Description of the task: For this exercise, repeat exactly the lines below starting at the line holding "A rhythm without" and ending at the line holding "成液封,并冷卻潤滑填料。填料", both included, with no extra lines and no pictures.

Provided material:
BEGIN

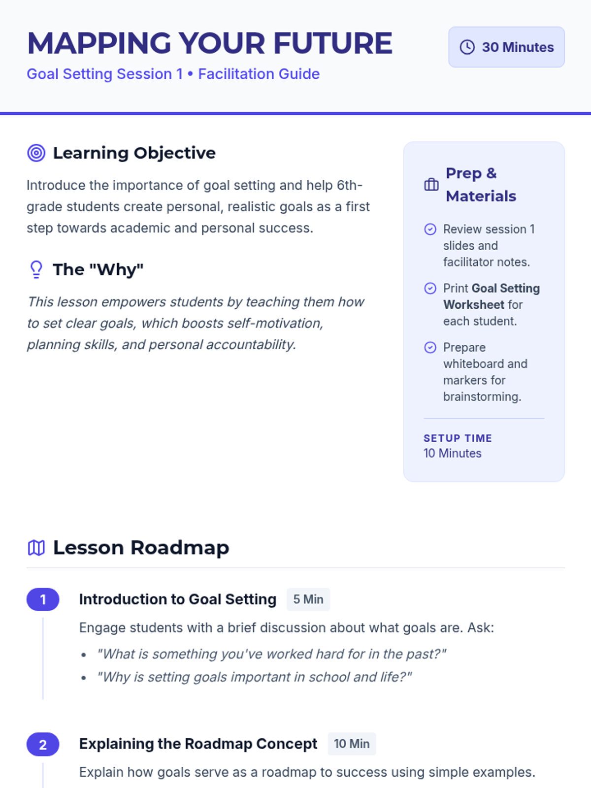Introduces students to the concept of goals as a roadmap and guides them through creating their first personal or academic goal.
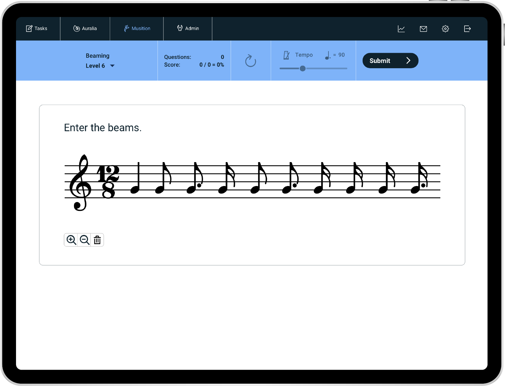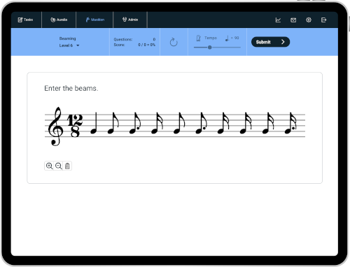 A rhythm without beams is shown on screen, and you are asked to enter the correct beams.
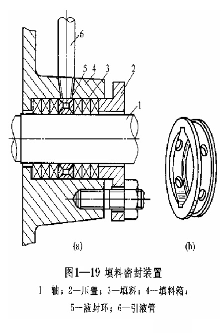 成液封,并冷卻潤滑填料。填料密封是通過填料壓蓋壓緊填料,使填料發(fā)生變形,并和軸(或軸套)的外圓表面接觸,防止液體外流和空氣吸入泵內(nèi)。填料密封的密封性可用調(diào)節(jié)填料壓蓋的松緊程度加以控制。填料壓蓋過緊,密封性好,但使軸和填
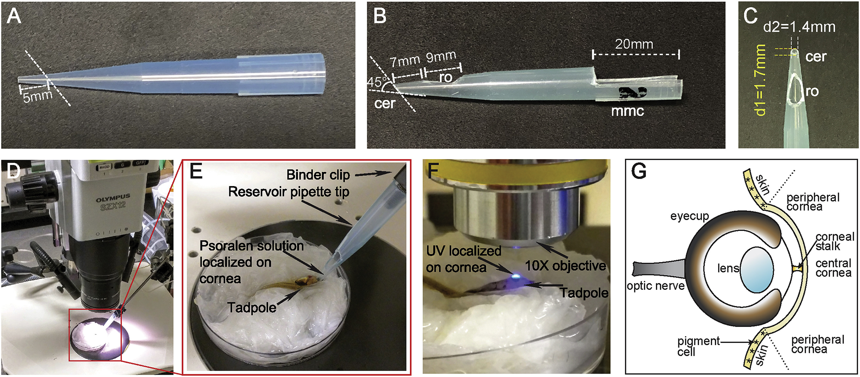 Fig. 1. Apparatus and procedure for the PUV treatment. (A) Standard 1â¯ml pipette tip, which is modified as (B) a special reservoir applicator pipette using a razor blade, according to the dimensions shown. The broad end of the pipette (mmc) is cut in half so that it can be attached to the metal rod held by the micromanipulator using a small binder clip. (C) Top view of the reservoir pipette showing the internal diameters (d1 and d2) of the pipette opening and side port or reservoir opening. (DâF) PUV-treatment procedure. (D) Anesthetized tadpole is placed in a petri dish on Kimwipes soaked in anesthetic solution. Reservoir pipette tip is affixed to a metal rod held by the micromanipulator using a small binder clip. The tip is gently placed around the cornea to form a sealed chamber. Psoralen solution is then added into the reservoir and allowed to contact the cornea. (E) Higher magnification view of area shown in panel D. (F) UV exposure using a 10X objective. UV is localized to the cornea, (bright blue spot), using the microscope iris diaphragm. (G) Schematic diagram of larval Xenopus eye. Structures are as labeled. cer, corneal end of reservoir; mmc, micromanipulator clamp end; ro, reservoir opening. (For interpretation of the references to color in this figure legend, the reader is referred to the Web version of this article.) |

END

Solved exercise:
 A rhythm without beams is shown on screen, and you are asked to enter the correct beams.
 成液封,并冷卻潤滑填料。填料密封是通過填料壓蓋壓緊填料,使填料發(fā)生變形,并和軸(或軸套)的外圓表面接觸,防止液體外流和空氣吸入泵內(nèi)。填料密封的密封性可用調(diào)節(jié)填料壓蓋的松緊程度加以控制。填料壓蓋過緊,密封性好,但使軸和填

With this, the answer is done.